Thread: Bypassing NULL elements in row_to_json function

Bypassing NULL elements in row_to_json function

From
Michael Nolan
Date:
I'm looking at the possibility of using JSON as a data exchange format
with some apps running on both PCs and Macs.   .

The table I would be exporting has a lot of NULL values in it.  Is
there any way to skip the NULL values in the row_to_json function and
include only the fields that are non-null?
--
Mike Nolan
nolan@tssi.com


Re: Bypassing NULL elements in row_to_json function

From
Raymond O'Donnell
Date:
On 08/04/2016 16:31, Michael Nolan wrote:
> I'm looking at the possibility of using JSON as a data exchange format
> with some apps running on both PCs and Macs.   .
>
> The table I would be exporting has a lot of NULL values in it.  Is
> there any way to skip the NULL values in the row_to_json function and
> include only the fields that are non-null?

You could use a CTE to filter out the nulls (not tested - I haven't used
JSON in PG (yet!)):

with no_nulls as (
  select ... from my_table
  where whatever is not null
)
select row_to_json(....) from no_nulls;

Ray.

--
Raymond O'Donnell :: Galway :: Ireland
rod@iol.ie


Re: Bypassing NULL elements in row_to_json function

From
"David G. Johnston"
Date:
On Fri, Apr 8, 2016 at 8:53 AM, Raymond O'Donnell <rod@iol.ie> wrote:
On 08/04/2016 16:31, Michael Nolan wrote:
> I'm looking at the possibility of using JSON as a data exchange format
> with some apps running on both PCs and Macs.   .
>
> The table I would be exporting has a lot of NULL values in it.  Is
> there any way to skip the NULL values in the row_to_json function and
> include only the fields that are non-null?

You could use a CTE to filter out the nulls (not tested - I haven't used
JSON in PG (yet!)):

with no_nulls as (
  select ... from my_table
  where whatever is not null
)
select row_to_json(....) from no_nulls;

​One of us is confused.  I'm reading this as "I want a row_to_json" call to generate objects with different keys depending on whether a given key would have a null - in which case exclude the key.

I
​ think one would have to simply allow row_to_json to populate the keys with null values and then post-process them away:

json_strip_nulls(row_to_json(...))​


David J.

Re: Bypassing NULL elements in row_to_json function

From
Adrian Klaver
Date:
On 04/08/2016 08:31 AM, Michael Nolan wrote:
> I'm looking at the possibility of using JSON as a data exchange format
> with some apps running on both PCs and Macs.   .
>
> The table I would be exporting has a lot of NULL values in it.  Is
> there any way to skip the NULL values in the row_to_json function and
> include only the fields that are non-null?

I guess it depends on your data.

Are the NULLs all in one field or scattered across fields?

Imagining this scenario:

fld_1     fld_2    fld_3
'val1_1'  NULL     'val1_3
NULL      'val2_2' 'val2_3'
'val3_3'  'val3_2'  NULL

How do you deal with the holes(NULL) on the receiving end?


> --
> Mike Nolan
> nolan@tssi.com
>
>


--
Adrian Klaver
adrian.klaver@aklaver.com


Re: Bypassing NULL elements in row_to_json function

From
Michael Nolan
Date:
It looks like json_strip_nulls() may be what I need, I'm currently on 9.3, which doesn't have that function but may be in a position to upgrade to 9.5 this summer.   I think the apps that would be receiving the data can deal with any resulting 'holes' in the data set by just setting them to null.  
--
Mike Nolan


Re: Bypassing NULL elements in row_to_json function

From
Michael Nolan
Date:
I was able to try it on a test server, the combination of row_to_json() and json_strip_nulls() worked exactly as I had hoped.  Stripping nulls reduced the JSON file by over 50%. (The data I needed to export has around 900,000 rows, so it gets quite large.)

I've got a test file I can make available to app developers.

My next task is to find out if validating and importing a JSON file into a table is as easy as exporting a table in JSON turned out to be.
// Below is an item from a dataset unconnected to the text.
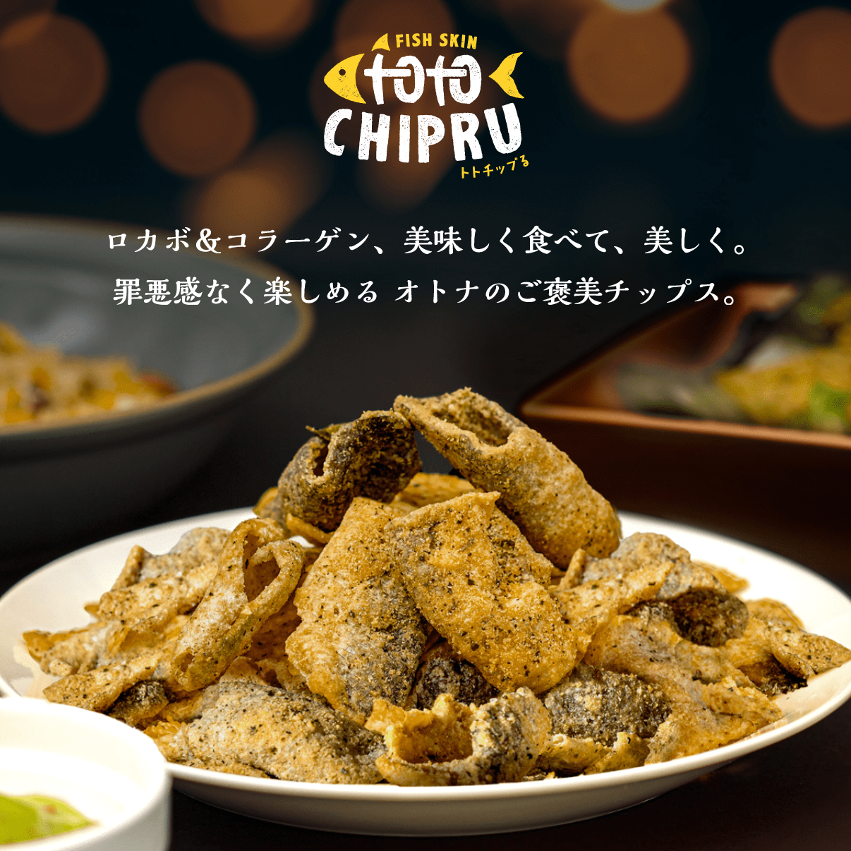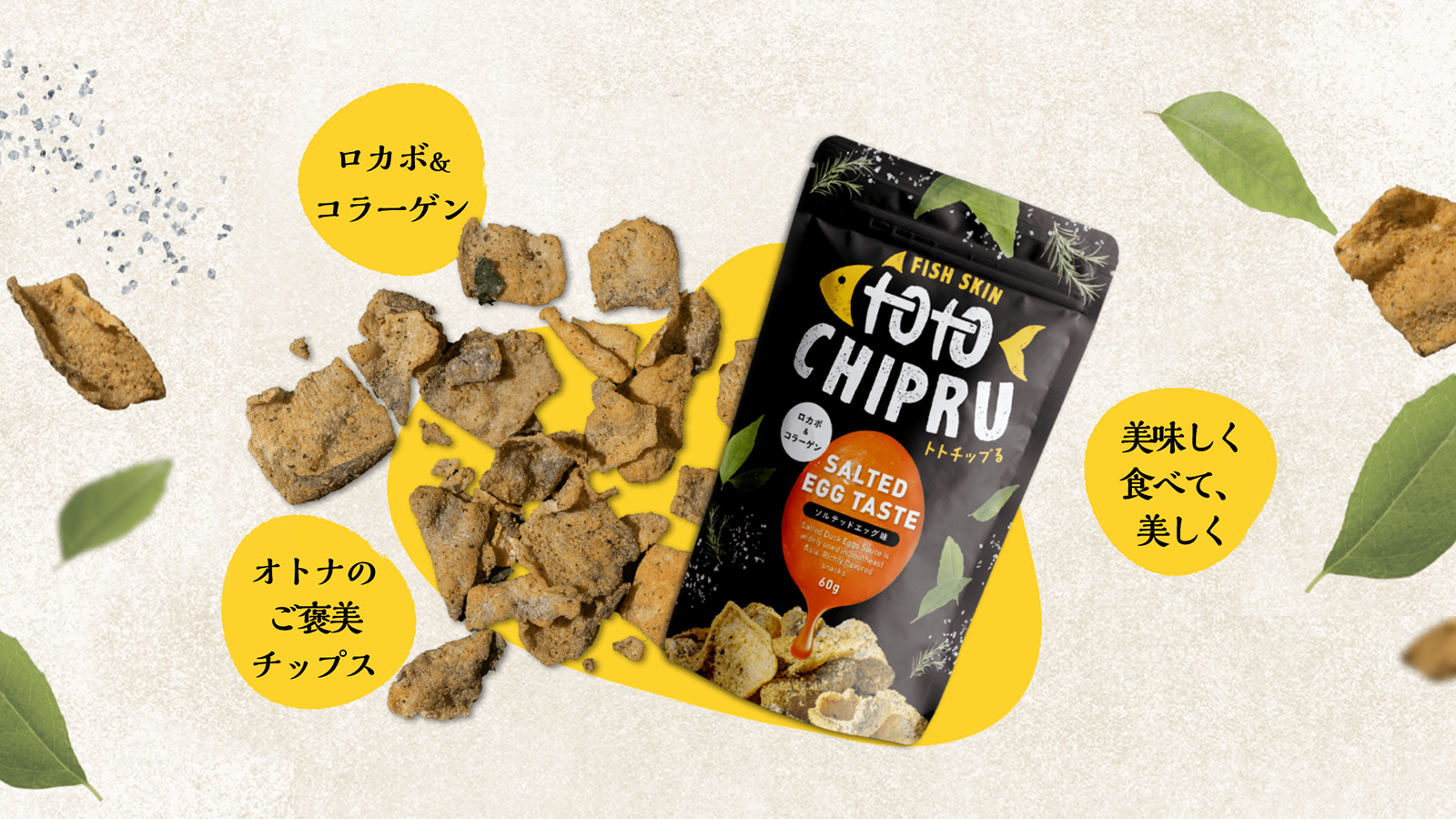 ロカボ&コラーゲン、美味しく食べて美しく。罪悪感なく楽しめる オトナのご褒美チップス【トトチップる】 世界のフードロスを救う!白身魚の皮で作ったフィッシュスキンチップスです。こだわりのカリっと食感、濃厚なソルテッドエッグ味がやみつきに!

Thanks for the help.
--
Mike Nolan



Re: Bypassing NULL elements in row_to_json function

From
Michael Nolan
Date:

2nd Followup:  It turns out that loading a table from a JSON string is more complicated than going from a table to JSON, perhaps for good reason.  There does not appear to be a direct inverse to the row_to_json() function, but it wasn't difficult for me to write a PHP program that takes the JSON file I created the other day and converts it back to a series of inserts, recreating the original table. 
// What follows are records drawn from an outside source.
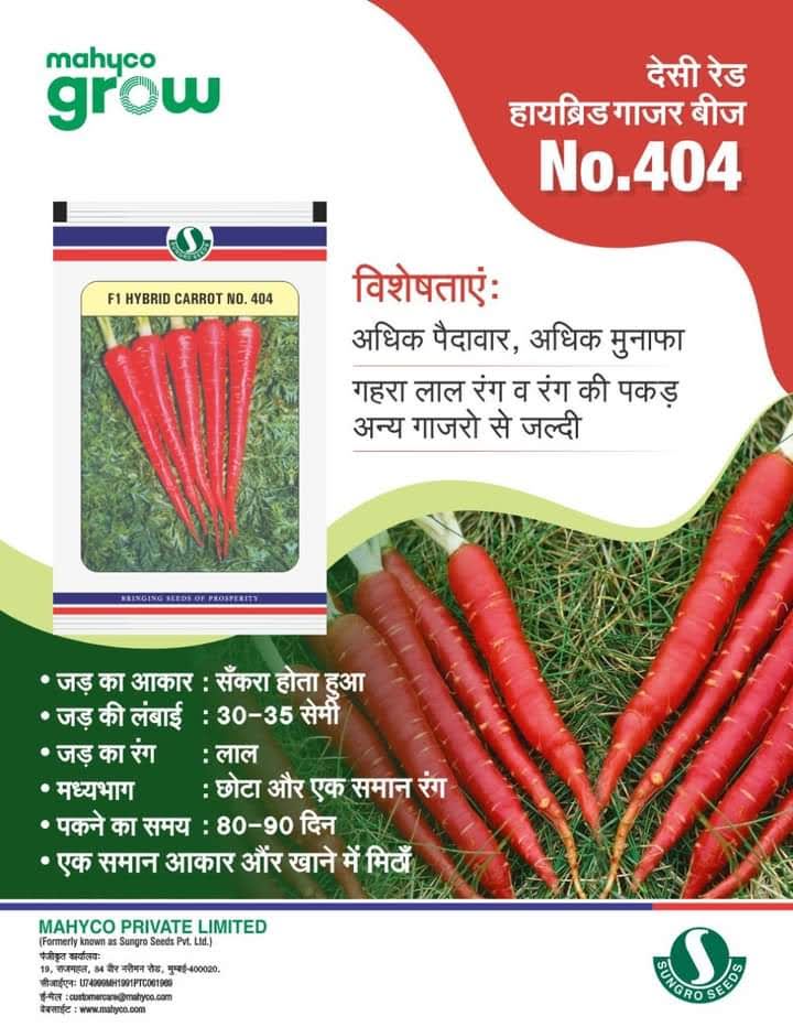 Hybrid Carrot No. 404 Mahyco Sungro Seeds (250Gm)
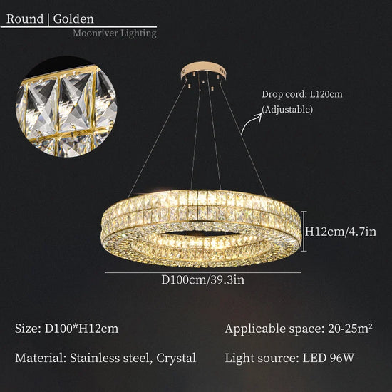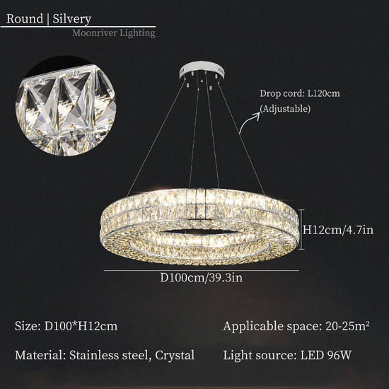 • Élégance intemporelle : Fabriqué avec des cristaux de qualité supérieure et de l'acier inoxydable, ce lustre est conçu pour conserver son éclat et sa beauté au fil des années.
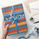 Dieses lebendige Weihnachtsmuster präsentiert eine spielerische Mischung aus kühnen Farben wie Rot, Blau, Orange und Marine, gepaart mit klassischen Urlaubssymbole. Weiße Rentierreihen im Pixelstil, zarte Schneeflocken, festliche Ornamente und dekorative geometrische Motive schaffen eine fröhliche und gemütliche Winterästhetik. Die lebhafte Farbpalette und die nordisch-inspirierte Gestaltung machen es zu einer hervorragenden Wahl, um den Feiertagsszauber zu vermitteln.
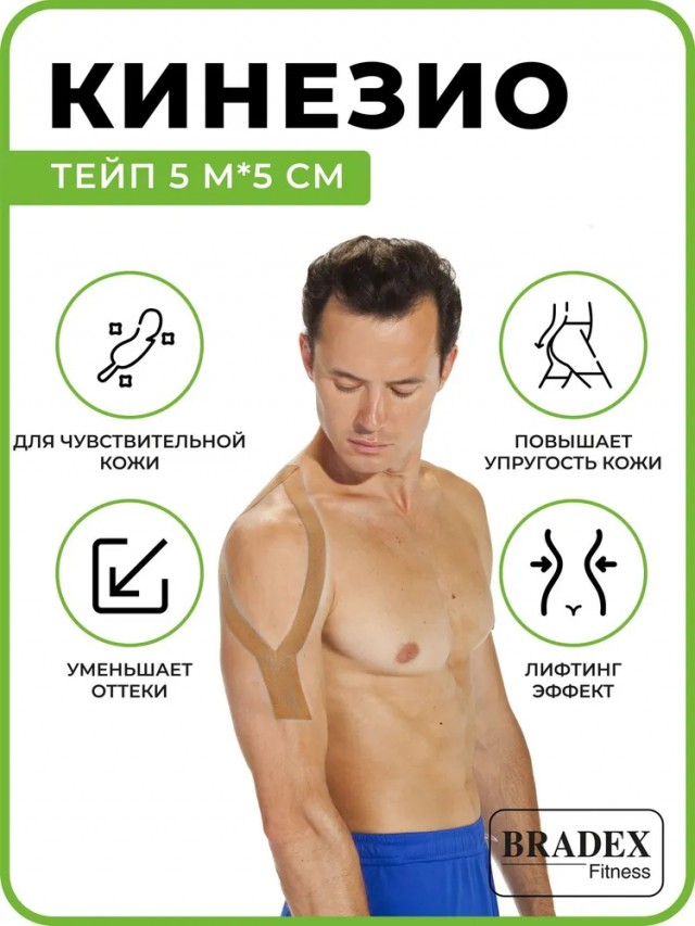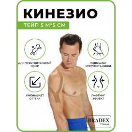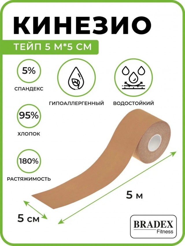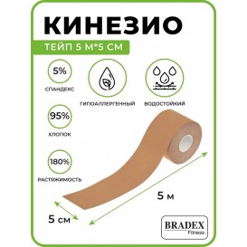 Кинезио-тейп BRADEX 5м х 5см водостойкий телесный
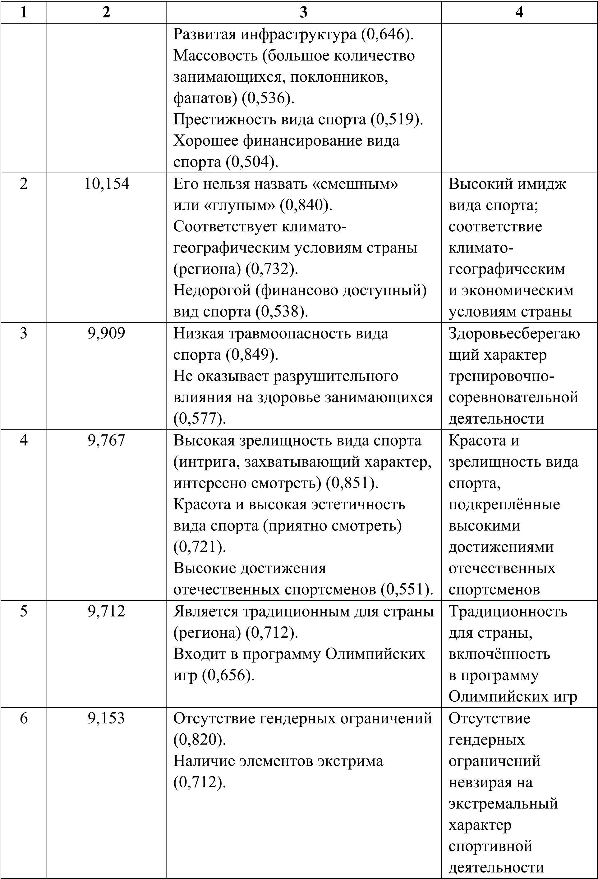Как видно из табл. 2.5, наиболее значимыми признаками популярности вида спорта, по словам опрошенных, являются: востребованность, престижность и массовость вида спорта, его зрелищность, эстетичность и хорошая освещаемость в СМИ, высокие достижения отечественных спортсменов, включённость в программу Олимпийских игр. Также для подростков важно, чтобы этот вид спорта нельзя было назвать «смешным» или «глупым».
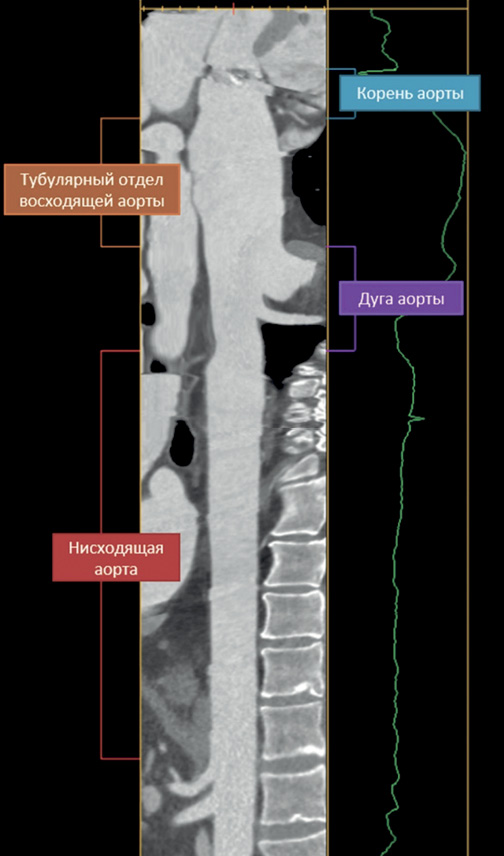 Длину аорты измеряли перпендикулярно центральной линии просвета сосуда в следующих сегментах: (i) от уровня фиброзного кольца аортального клапана до сино-тубулярного соединения (корень аорты); (ii) от сино-тубулярного соединения до уровня БЦС (тубулярная часть восходящей аорты); (iii) от БЦС до истмуса аорты (дуга аорты); (iv) от истмуса аорты до устья чревного ствола (нисходящая аорта) (рис. 1).
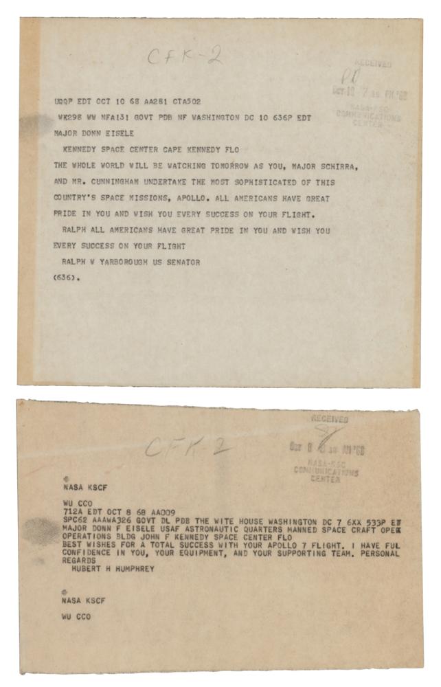 Two carbon teletype messages received by Apollo 7 Command Module Pilot Donn Eisele prior to the launch of the Apollo program’s first manned mission. The first, 8.5 x 5.75, October 8, 1968, sent to Eisele by Vice President of the United States, Hubert Humphrey, who writes (spelling retained): “Best wishes for a total success with your Apollo 7 flight I have ful confidence in you, your equipment, and your supporting team.” The second, 8.5 x 7.75, sent by Texas Senator Ralph Yarborough, reads: “The whole world will be watching tomorrow as you, Major Schirra, and Mr. Cunningham undertake the most sophisticated of this country’s space missions, Apollo. All Americans have great pride in you and wish you every success on your flight.” In overall fine condition.

Of course this simple program does NO validation (not that this file needed any), so if the JSON string is not well-formed for any of a number of reasons, or if it is not properly mapped to the table into which the inserts are made, an insert could fail or result in incorrect data. 
--
Mike Nolan

Re: Bypassing NULL elements in row_to_json function

From
"David G. Johnston"
Date:
On Sat, Apr 9, 2016 at 9:48 PM, Michael Nolan <htfoot@gmail.com> wrote:

2nd Followup:  It turns out that loading a table from a JSON string is more complicated than going from a table to JSON, perhaps for good reason.  There does not appear to be a direct inverse to the row_to_json() function, but it wasn't difficult for me to write a PHP program that takes the JSON file I created the other day and converts it back to a series of inserts, recreating the original table. 

Of course this simple program does NO validation (not that this file needed any), so if the JSON string is not well-formed for any of a number of reasons, or if it is not properly mapped to the table into which the inserts are made, an insert could fail or result in incorrect data. 
--
Mike Nolan


​json_populate_record(base anyelement, from_json json)
json_populate_recordset(base anyelement, from_json json)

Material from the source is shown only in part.